SEMINAR 2: PROJECTS OF THE CITY
Seminar 2 is divided into two distinctive parts. The first, explores the development of disciplinary knowledge about architecture and urbanism from the 19th century until today. The second part presents scholarly research in series of important contemporary case studies. This would allow students to formulate their individual research propositions for Thesis – Studio in Term 3. The aim of the module is to provide students with a survey of theories that conceptualise the city, in particular the contemporary city, through its architecture and architectural projects. The seminar discusses theories of the city in relationship to critical architectural practice.
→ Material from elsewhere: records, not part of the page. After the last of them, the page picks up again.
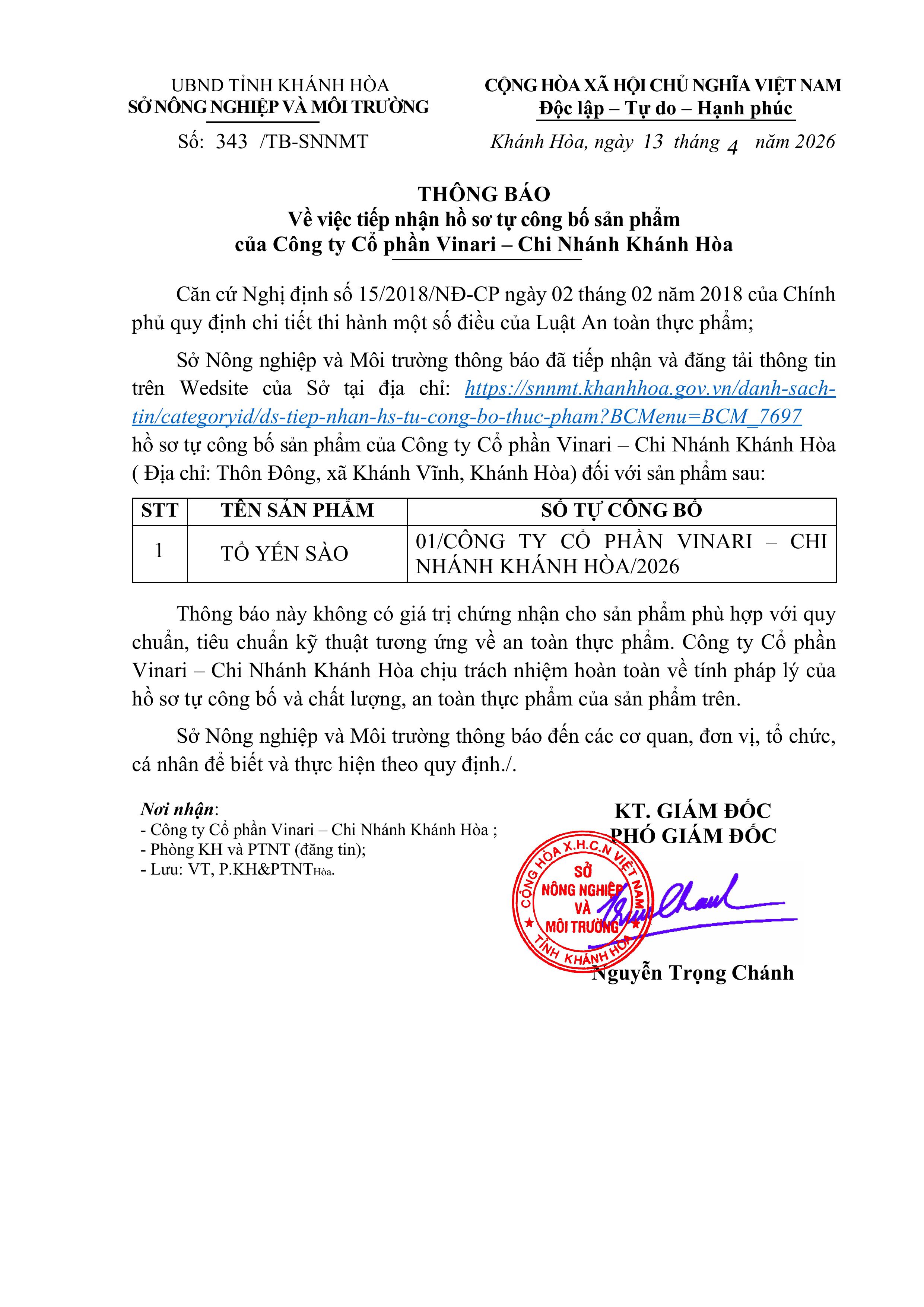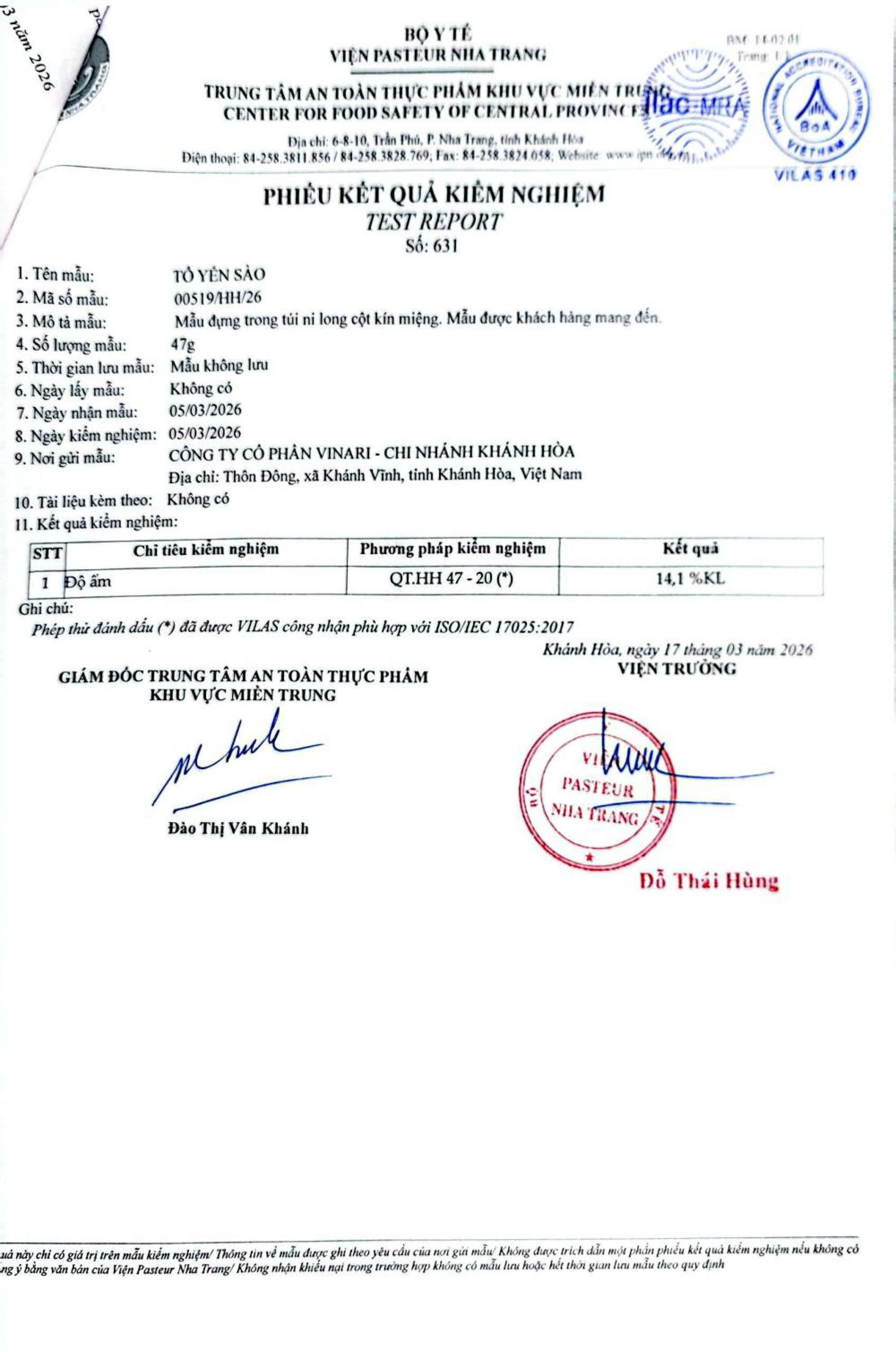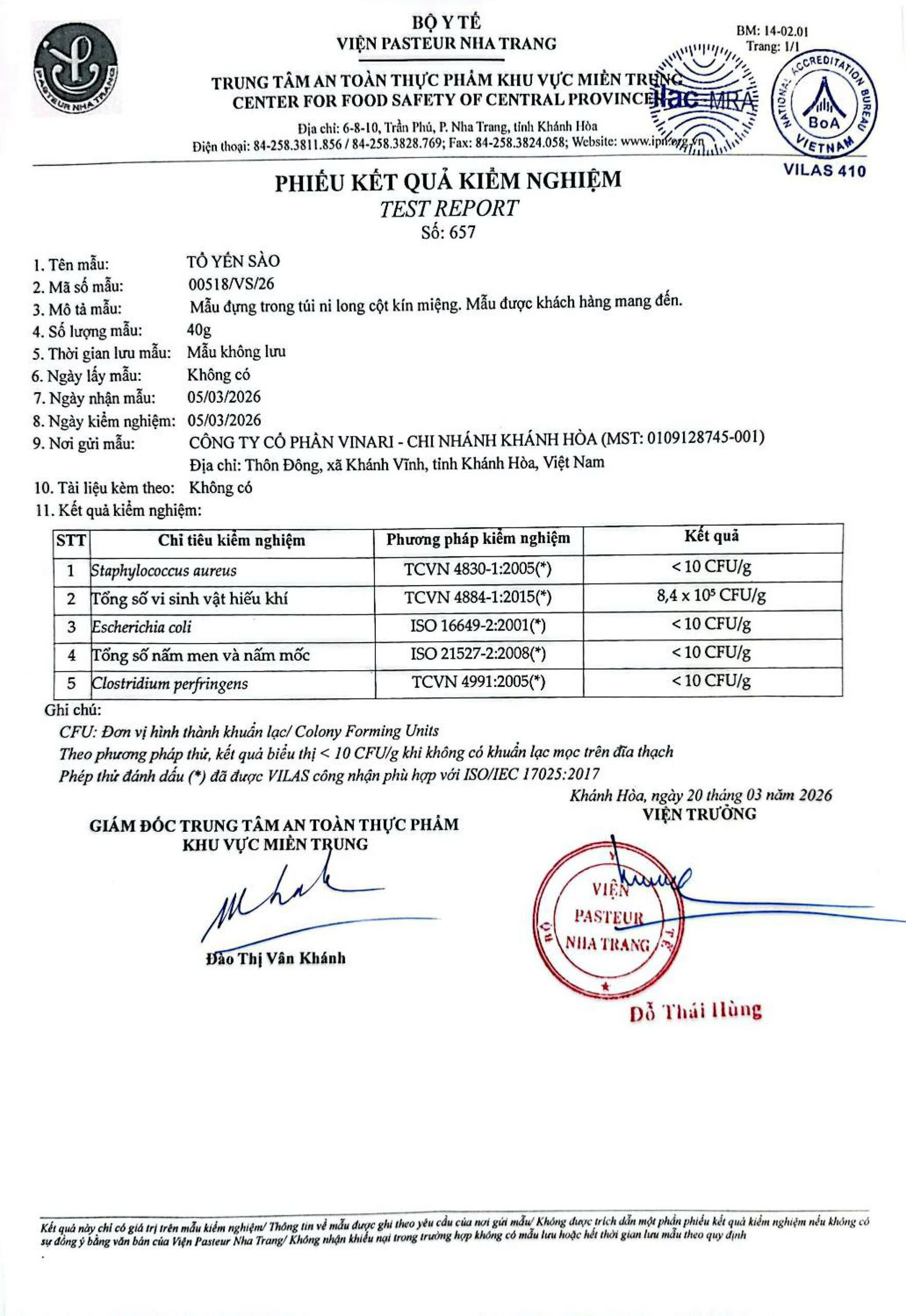 VinaRI công khai kết quả kiểm nghiệm từ Viện Pasteur Nha Trang – Bộ Y Tế
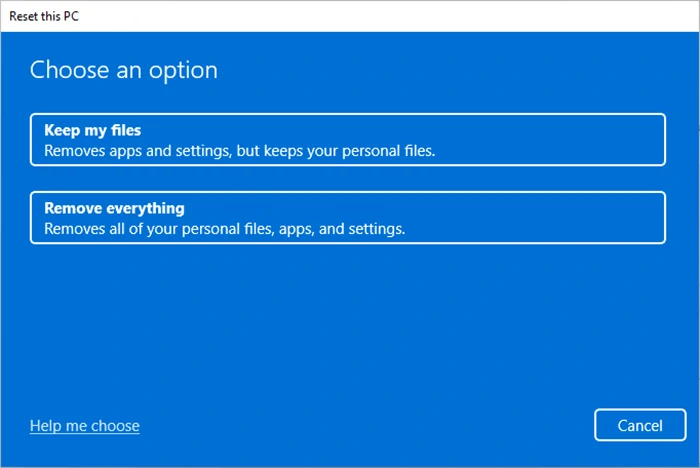 步骤4根据您的需要选择“保留我的文件”或“删除所有内容”。由于您没有管理员密码,因此您需要选择“删除所有内容”。否则,如果您选择保留我的文件,您仍然需要在重置结束时输入 Windows 11 管理员密码。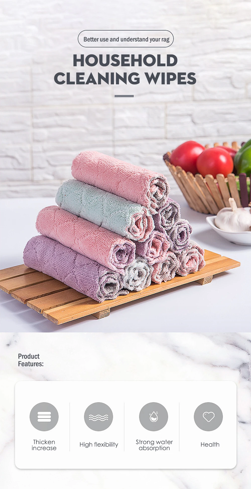 Тряпки для кухни, впитывающие полотенца из микрофибры, эффективны против жира, для уборки дома, посуды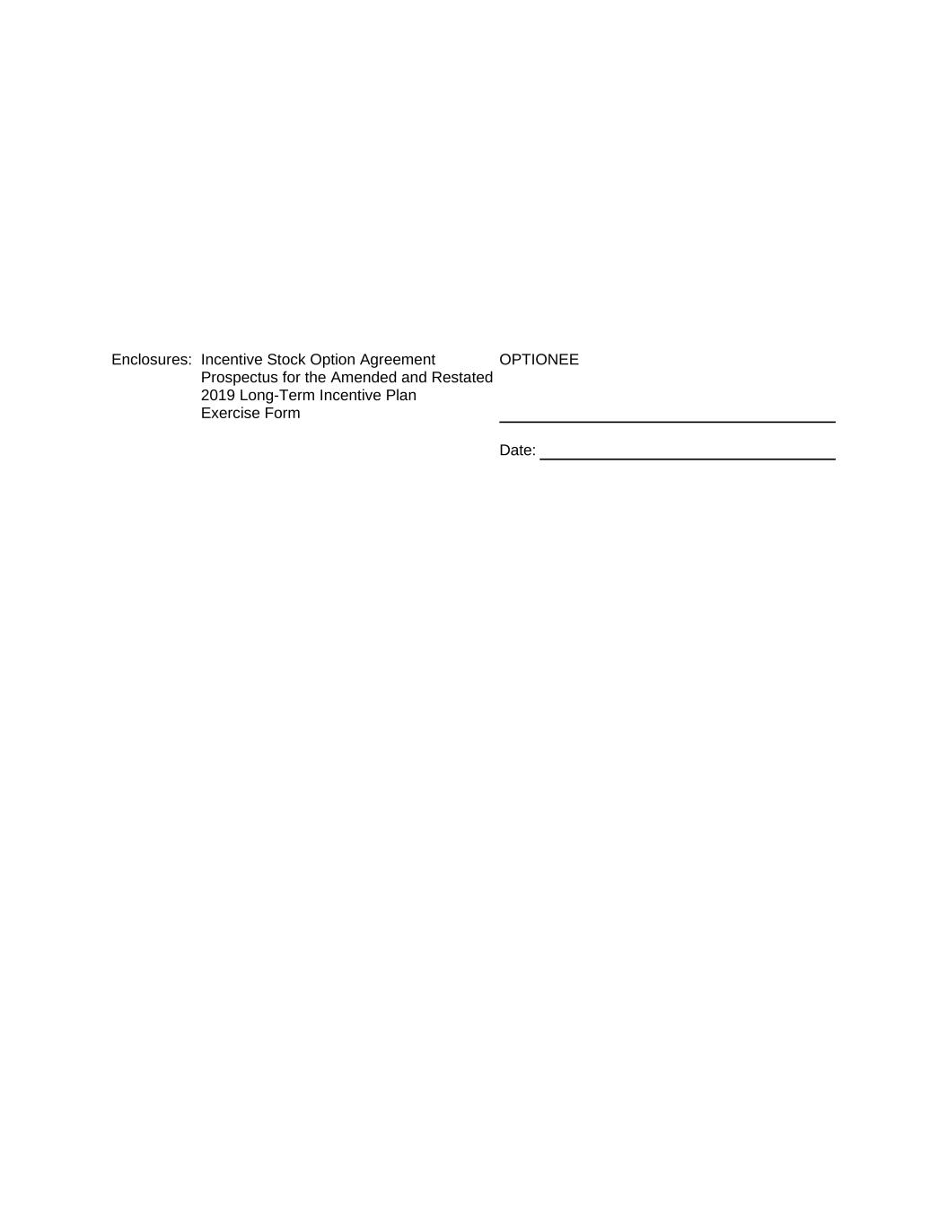 Enclosures: Incentive Stock Option Agreement Prospectus for the Amended and Restated 2019 Long-Term Incentive Plan Exercise Form OPTIONEE Date:

- Survey I: The birth of Modern Town Planning and the epistemic framework of Urbanisation
- Survey II: Housing Builds Cities
- Survey III. Postwar Architecture: Colonial Struggles, Post-colonial nation building and the welfare state
- Survey IV. Cellular Urbanism
- Case Study I. Athens, a project of crisis
- Case Study II. Tehran: Life within Walls
- Case study III. Berlin and Archipelagos of Urban Forms
- Case Study IV. China and the myth of Cities from Zero
- Case Study V. Territory, Settlement, Home: A Project for Rural China (Cyan Jingru Chen)
- Case study VI. Reinvention of Identity in Post-socialist Cities
- Case Study VII. Barcelona, or the city as a Laboratory
ACADEMIC WRITING 2
Complementary to Seminar 2, the academic writing course is scheduled once a week during the term. On days when no seminars or group sessions take place, individual tutorials are available to discuss any writing in progress (also available to Phase II students). The aim of this module is to familiarise students with the writing of literature reviews, to assess current knowledge and to position one’s own writing.
TERM 3
THESIS-STUDIO: REPRESENTATIONS, INVESTIGATIONS AND DIAGRAMS
The Thesis-Studio is a combined design studio and seminar course in which students develop their Dissertation Proposal and start the Dissertation. Underlying the Thesis-Studio is the hypothesis that critical and speculative projects on the city, whether practice and/or theory oriented, manifest an ‘idea of the city’ that can be understood through corresponding typological and social diagrams. Some of these ideas and different historical, theoretical, and epistemological perspectives of the city will be discussed in seminars through critical projects of the recent past: exemplary proposals, representations, theories, and reflections of and on the city. The seminar examines how diverse readings of the city promulgate specific ideas and define aspects of the city that are formative and fundamental. Most of these readings share a medium-specificity and have a clear methodological approach through which a critical urban thesis is related to its processes of conceptualisation and representation. Often speculative—un-built or unbuildable—many critical urban projects have remained in the realm of speculation and imagination, but with an enduring effect on our (disciplinary) understanding and knowledge of the city. Representations, Investigations and Diagrams in that sense are speculative, projective and open-ended in their possibilities, but consistent in their construction. The aim of the module is to familiarise students with the idea of the City and the relationships of spatial and social diagrams. Developing of a clear research inquiry and definition of the theoretical or physical context. Formulation of a Dissertation Proposal.
- Research Methodologies and Writing a Research Proposal
- Architecture Assembled: Exquisite Corpse (Workshop)
- Oblique Drawing
- The Genesis of a Hopeful Monster: Architecture and the City, 1966–2016
- Architecture Narrated: Writing, Drawing, and Making
- Radical Daily Practices
- TBC
- TBC
ACADEMIC WRITING 3
Complementary to the Thesis-Studio, the writing workshop is scheduled once a week during the term. On days when no seminars or group sessions take place, individual tutorials are available to discuss any writing in progress (also available to Phase II students). The aim of this module is to familiarise students with the academic abstract writing for a research thesis.